I don't know what the heck is the matter with me. I've
absolutely no ambition. None! Zilch! Nada!
Oh, I've been keeping busy, although most of the things I've
done the last couple of days have not been setting my tail on fire by any
means.
I tried to paint...it was too hot.
I tried working on the garden fencing around the front yard
that keeps sweet, busy-body Zorro under control, but the first day I started
working too late in the morning and I about cooked my brains out. So, yesterday
morning around seven I went out and finished up that little chore.
I also managed to set up my two yard umbrellas, and placed
them next to my park benches, they are supplying pleasant shade for my
afternoon coffee breaks. I don't think my gardener is going to be pleased with
them though, because they are just two more things for him to have to trim
around. Well...bummer. Sucks for him.
However, yesterday morning something interesting did happen
while I was working on the fencing.
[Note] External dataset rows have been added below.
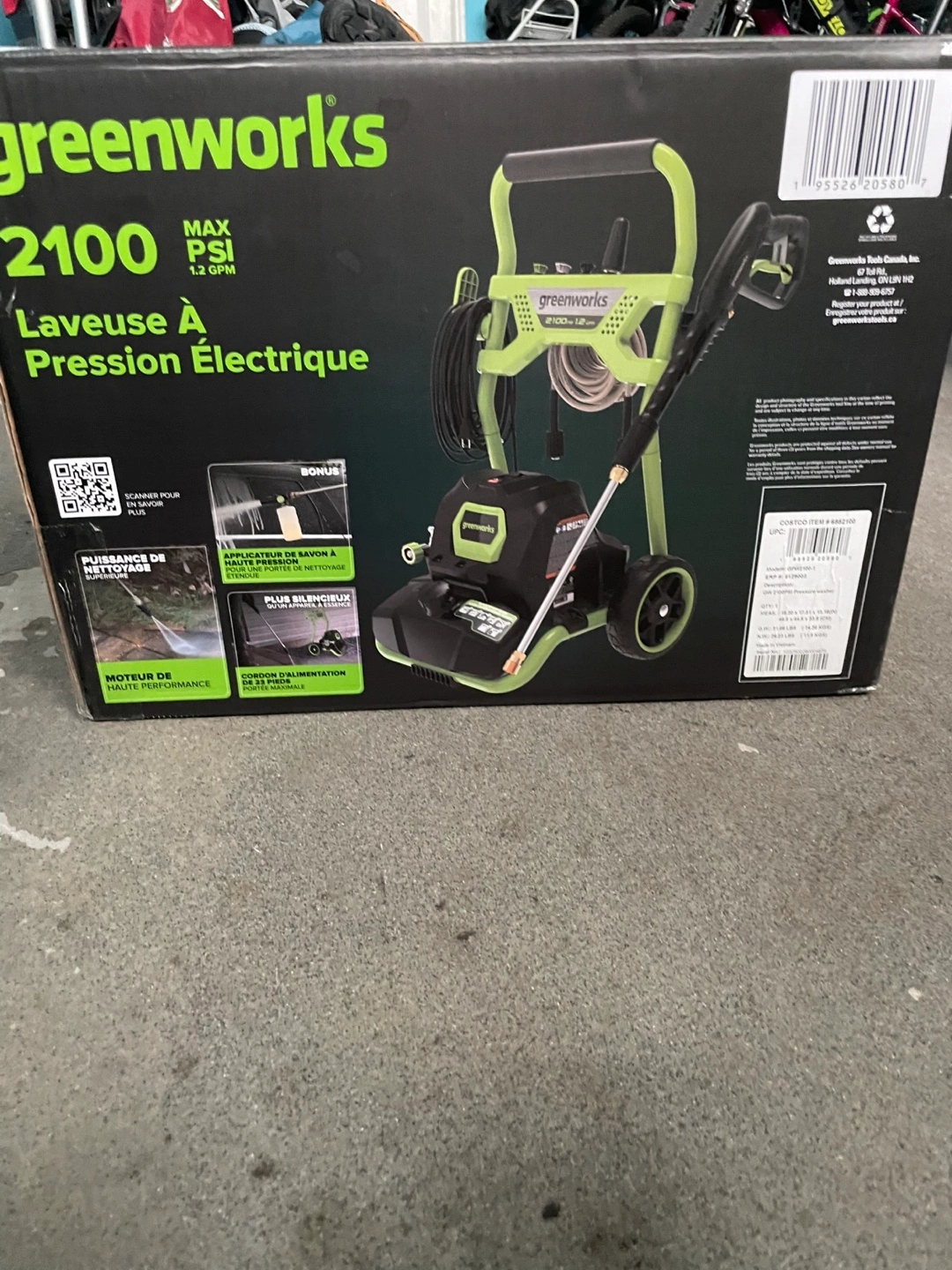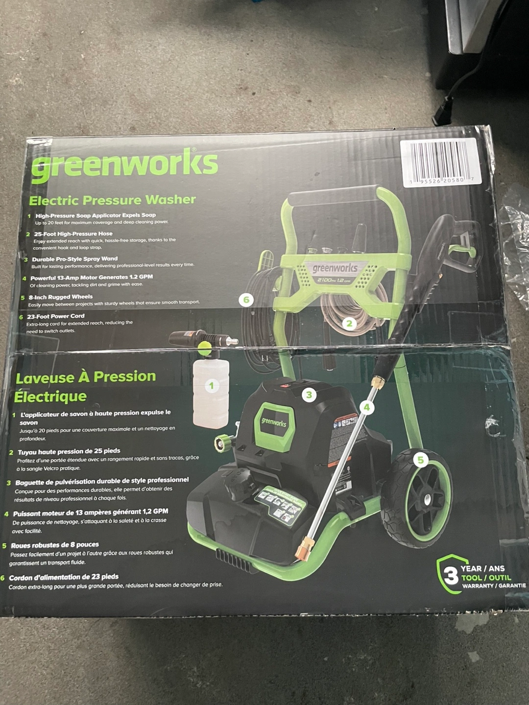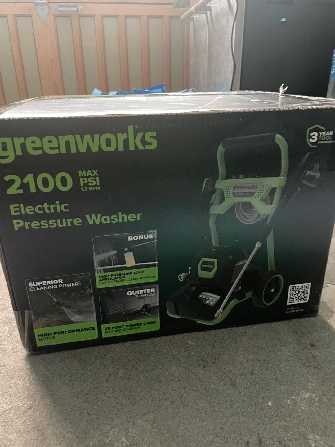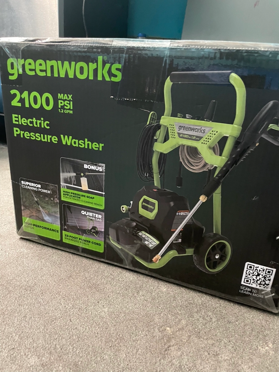 16Selling a brand new Greenworks 2100 PSI electric pressure washer! It's still in the box and ready to go. Selling this because got it as a gift It features: - High-pressure soap applicator - 25-foot high-pressure hose - Durable pro-style spray wand - Powerful 13-amp motor generating 1.2 GPM - 8-inch rugged wheels - 23-foot power cord Has 3 year warranty Need gone asap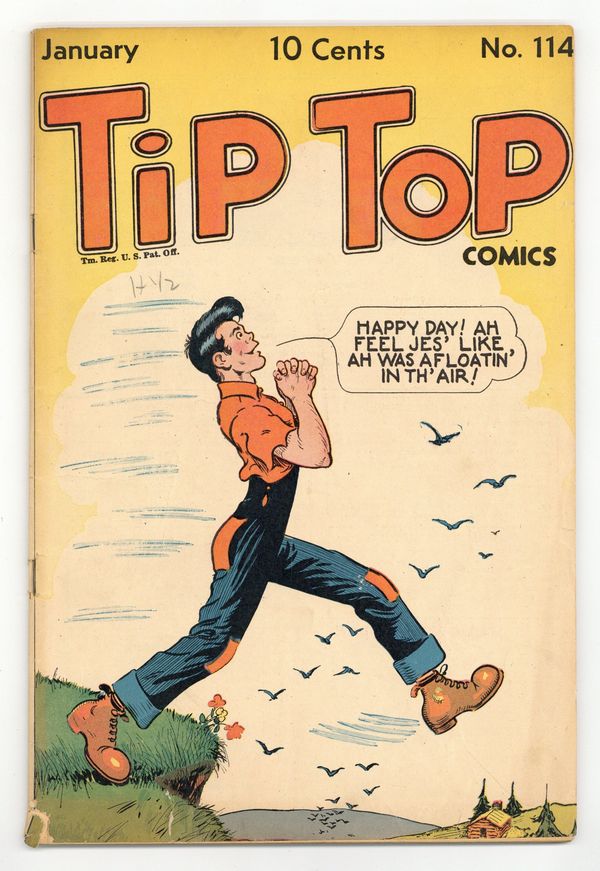 Cover by Al Capp. Stories and art by Al Capp, Ernie Bushmiller, Rudolph Dirks, Dick Moores, Fred Methot, Paul Berdanier, Sam Leff, Ed Dodd, Charles Plumb, and John Hix. Sometimes listed as Tip Top Comics Vol. 10 #6. Tip Top Comics presented color reprints of United Features newspaper comic strips. Joe Jinks finally tracks down the long-lost son of legendary boxer Killer Kayoe, and the legend of Curly Kayoe begins. Phil and Fritzi visit a ballet company backstage and find them listening to the latest "boogie woogie" music, and saying "hep" phrases like "hotcha" and "Swing me, gate!" Bill Bumlin tries out his nephew's "how to be a detective" kit, with disastrous results. Plus a Li'l Abner storyline by Al Capp. Li'l Abner; The Captain and the Kids; The Triple Terror; Jim Hardy; Stamp Tips; Curly Kayoe; Back Home Again; Ella Cinders; Bill Bumlin; The Burtons; Strange as it Seems; Nancy; Fritzi Ritz; How It Began. 48 pages, Full Color. Cover price $0.10.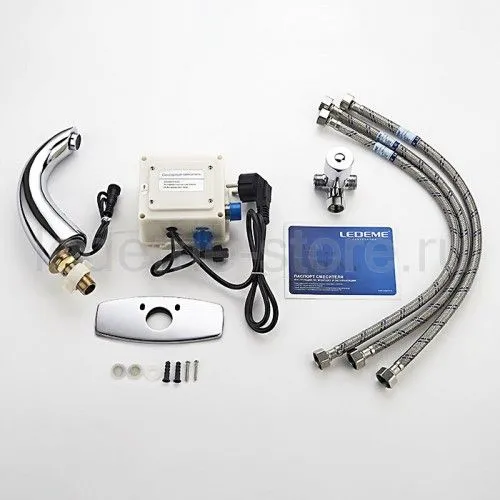 Сенсорный смеситель Ledeme L1055-14 – модель нового поколения. В конструкции отсутствуют привычные рычаги или вентили. В поле зрения только литой гусак, под корпусом которого монтирована электронная система управления. Поэтому внешне модель смотрится намного интересней классических аналогов. Процедура эксплуатации смесителя тоже нестандартная. Управлять потоком воды следует, не прикасаясь к корпусу девайса, а просто поднося к нему руки. Эта особенность обеспечивает безупречную гигиеничность и комфортные условия для использования прибора по назначению.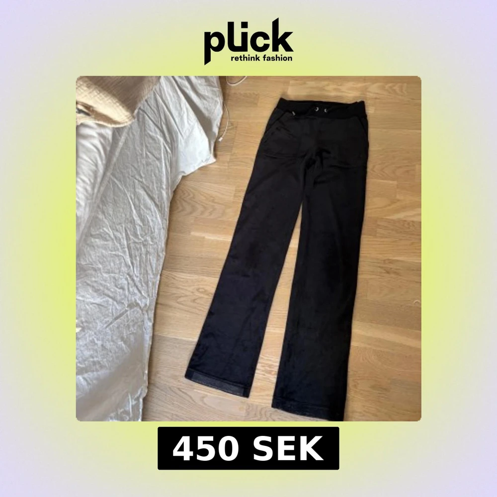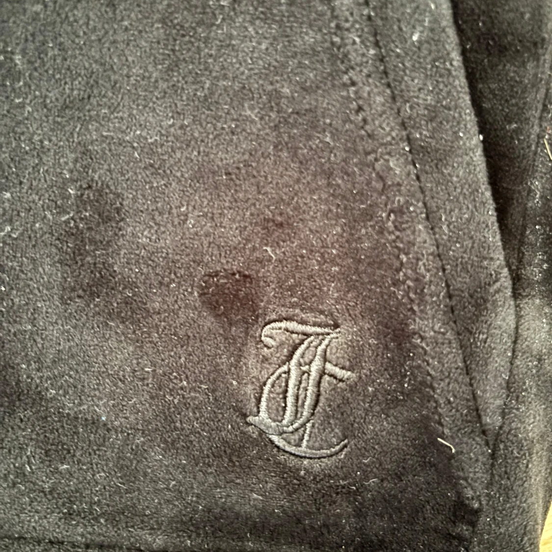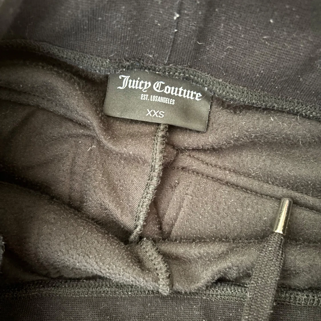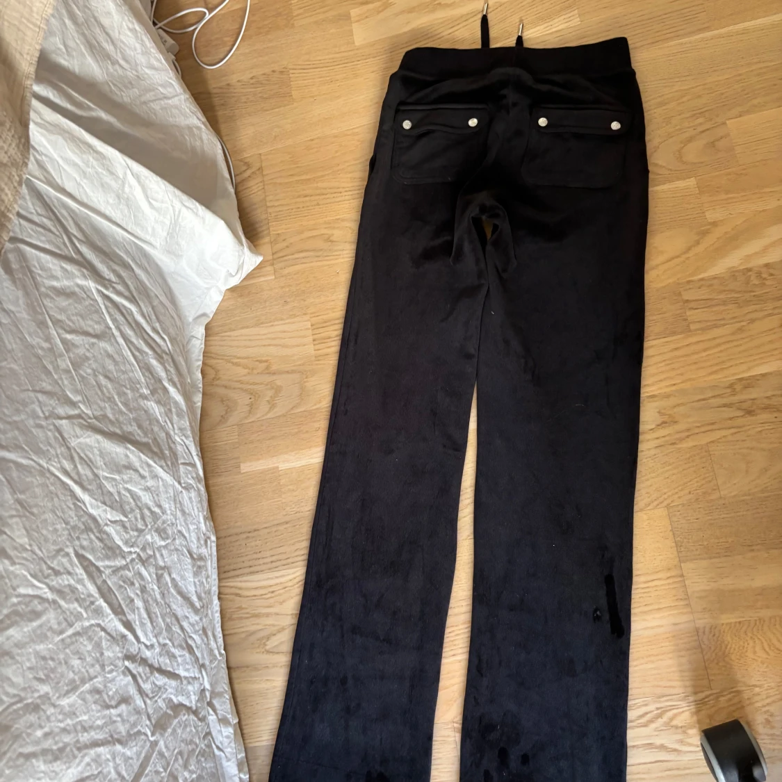 Svarta mjukisbyxor från Juicy Couture i velour med broderad JC-logga framtill. Byxorna har snörning i midjan, raka ben och fickor både fram och bak med silvriga knappar. Perfekta för en chill och trendig look. Har follat upp byxorna innan och sedan har follen lossnat, men den är enkel att få bort

Birdlady, husband and some guy I didn't
recognize came walking down the street. Of course, they didn't even look my
direction. Oooh, I saw her, but I just kept working. I was hoping I would be
done with my chore by the time they came walking back. I feel very
uncomfortable around her.
Bummer, that didn't work...sucked for me.
I was just finishing my chore as they return, from the
corner of my eye I see Birdlady is looking directly at me...(should I avoid her
gaze, should I glare at her, should I hope the world opens up and swallows
me?). It was one of those life changing seconds, what I do next is going to
alter me forever.
I have to confess for the last while; I have wanted to say
something to her. I've wanted to tell her how much she had hurt me, and how bad
I felt that she had 'sicked the health department on me', but I knew that would
fall on deaf ears.
I don't know, maybe the heat had cooked my brain, or maybe I simply decided it was time to bury the hatchet. Maybe it was fate, I just knew I had to do something. So as that altering second approached, I didn't avoid her, I didn't glare at her, I simply said "hello". To my surprise and delight the world did not open up and swallow me, so I knew I had done the right thing. Whew! Yep, all I said was "hello", but I felt as though a weight had been lifted from my shoulders. I felt I had done something that made me a better person.
After all, Birdlady is who she is, and she does what she does. I can never change her, but I can change me and carrying a grudge is hard work for me, it's a heavy wight and hurts my soul. So yesterday I did something I think every person should do, and that's walk into the stream of self-forgiveness and
baptize ourselves. I know as I washed away my
grudge, its heavy weight, and the hurt to my soul began to recede, I started
to feel clean and light as a breeze.
Now it's true, I don't ever want to be best buddies withBirdlady, or even have a chatty conversation; but we are after all neighbors, so an occasional "Hello.", or "Nice Day, isn't it?" certainly won't kill me, will it?
Have a nice day, Birdlady, have a nice day.